- Born: 1860 Yangoon, Myanmar, British Burma
- Died: 1921 (aged 60–61) Yangoon, Myanmar, British Burma
- Spouse: Sultana Nadir Begum
- Issue: Mirza Sikandar; Bedar Bakht;
- Father: Mirza Jawan Bakht
- Mother: Nawab Shah S Begum

= Jamshed Bakht =

Mughal Prince

Jamshed Bakht was a Mughal descendant through his father, Mirza Jawan Bakht, son of Bahadur Shah II the last Mughal emperor. His mother was his father's maternal cousin Nawab Shah S Begum. In 1859, British authorities removed all bans and restrictions on the Mughal royalty and Bakht received a princely pension of 450 Rupees per month. He had married twice, secondly to Sultana Nadir Begum which allegedly produced Bakht's only son Bedaar Bakht, though he is said to have had at least one son out of wedlock through mistresses. He died in 1921 after which the princely pension was suspended till after Indian Independence.

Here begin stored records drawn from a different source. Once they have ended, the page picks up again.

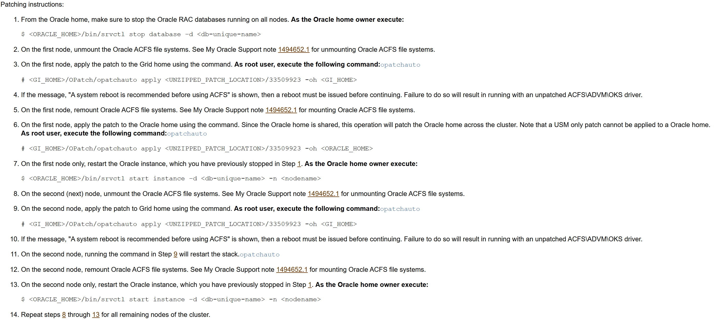 集群环境为oracle19c RAC,共享存储采用openfiler配置asm磁盘,打p33509923补丁是因为手上只有这个补丁包,本篇文档详细记录下19c RAC 测试环境下补丁应用过程及问题记录。以下为p33509923补丁操作部分说明截图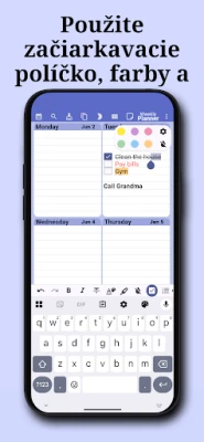 Potrebujete si zaznamenať náhle nápady alebo viesť osobný denník? Aplikácia ponúka samostatný priestor pre vaše poznámky, úplne oddelený od vášho kalendára. Využite ho ako digitálny zápisník na rýchle myšlienky alebo ako miesto pre vaše reflexie. Vďaka bohatým možnostiam formátovania textu si môžete svoje poznámky prispôsobiť pre maximálnu prehľadnosť a vizuálnu príťažlivosť. Vaša produktivita by mala odrážať vašu osobnosť. Preto je aplikácia plne prispôsobiteľná – zmeňte témy, farby a rozloženie tak, aby dokonale vyhovovali vášmu štýlu a potrebám. S automatickou zálohou dát máte istotu, že všetky vaše cenné plány a myšlienky sú vždy v bezpečí.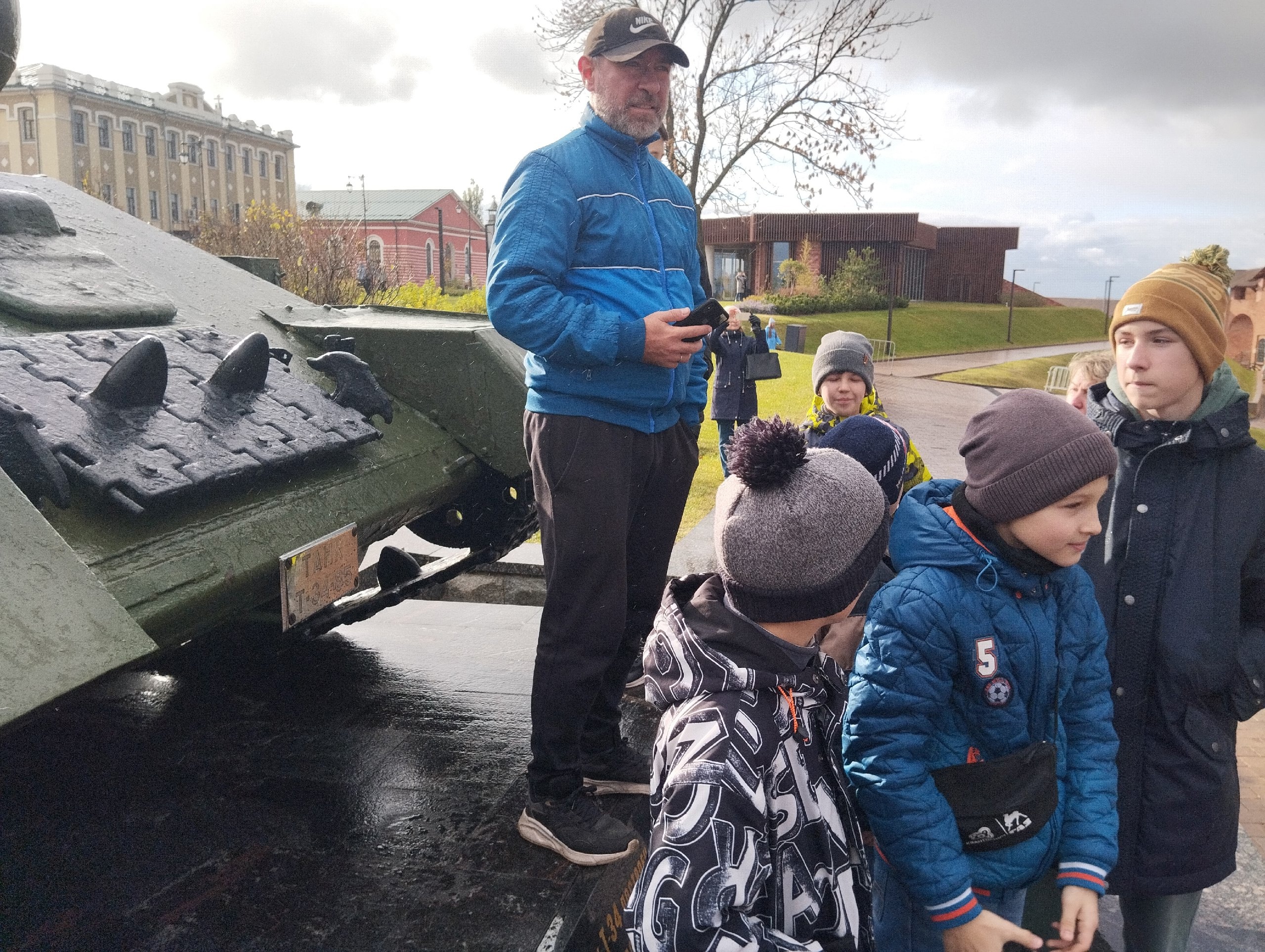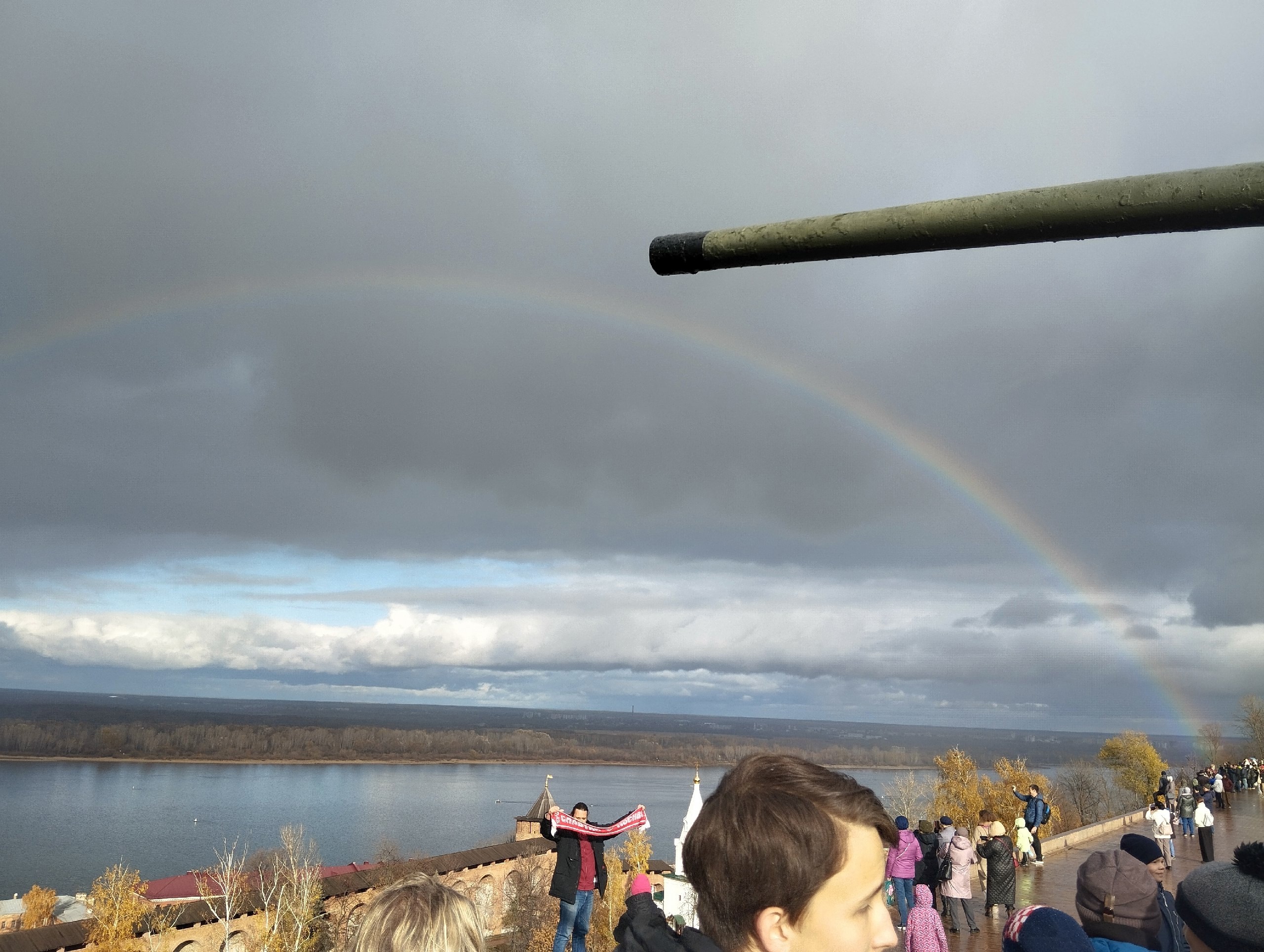 Радуга и танки. Сегодня сходили в Кремль, несмотря на дождь посмотрели на танки Т-34/85, потрогали руками, немного рассказал детям про историю танка. Это уже вторая наша "прогулка с танком".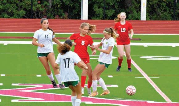 1. Key West’s Kenli Rosado (6) and Coral Shores’ Lela Goodrich (12) battle for possession while Sammy Bates (17), Bayley Catarineau (14) and Lily Baxter (19) look on.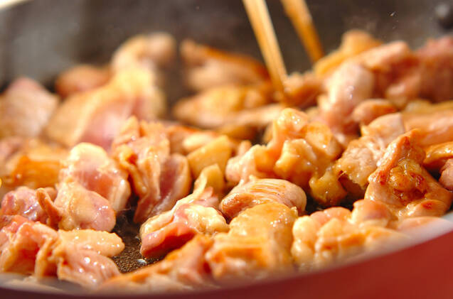 フライパンにサラダ油を熱し、キッチンペーパーで汁気を軽く拭いた鶏もも肉を入れ、両面こんがり焼く。
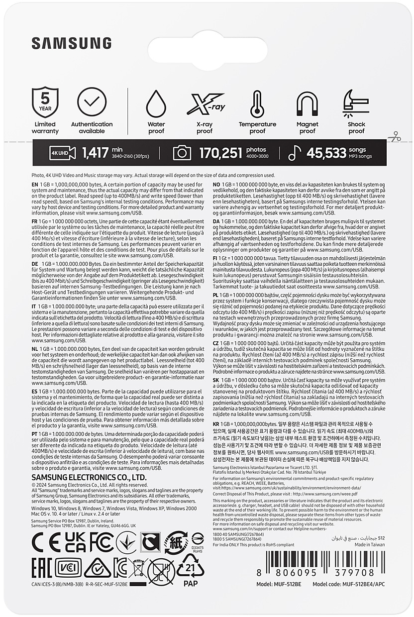 Файлы остаются в безопасности, где бы вы ни были. Технология флэш-памяти Samsung делает BAR Plus надежным накопителем для хранения ваших ценных данных. Он обеспечивает защиту от воды, ударов, магнитов, перепадов температуры и рентгеновских лучей.

Jamshed Bakht went to get an English education at Diocesan School and Rangoon College and turned out to be a man of cheerful character. He was associated with the initiative to build a mausoleum for his grandfather, and was seen as someone who spoke English gracefully. He lived a life of extreme poverty, and died at the age of sixty in 1921, about 22 years after his mother. Had she been fortunate enough to be the next Mughal Empress after Zinat Mahal, Shah Zamani Begum's name would have revived history but the wind suddenly changed ("Gai Yak Ba Yak Ju Hua Balat"). As for her ancestral home, it may be located at the Ghat Gate of Jaipur where some well-known Muslim families still live, despite the noise pollution caused by the iron makers of Loharon Ka Khora.

He had two sons, Mirza Sikandar from a mistress and Bedar Bakht, born of Begum Nadir Jehan. Bedaar Bakht, who died in 1980, was the last officially recognized direct male descendant of the Bahadur Shah Zafar who received pension from the British and then the central government, from the Nizam and the Hazrat Nizamuddin Trust.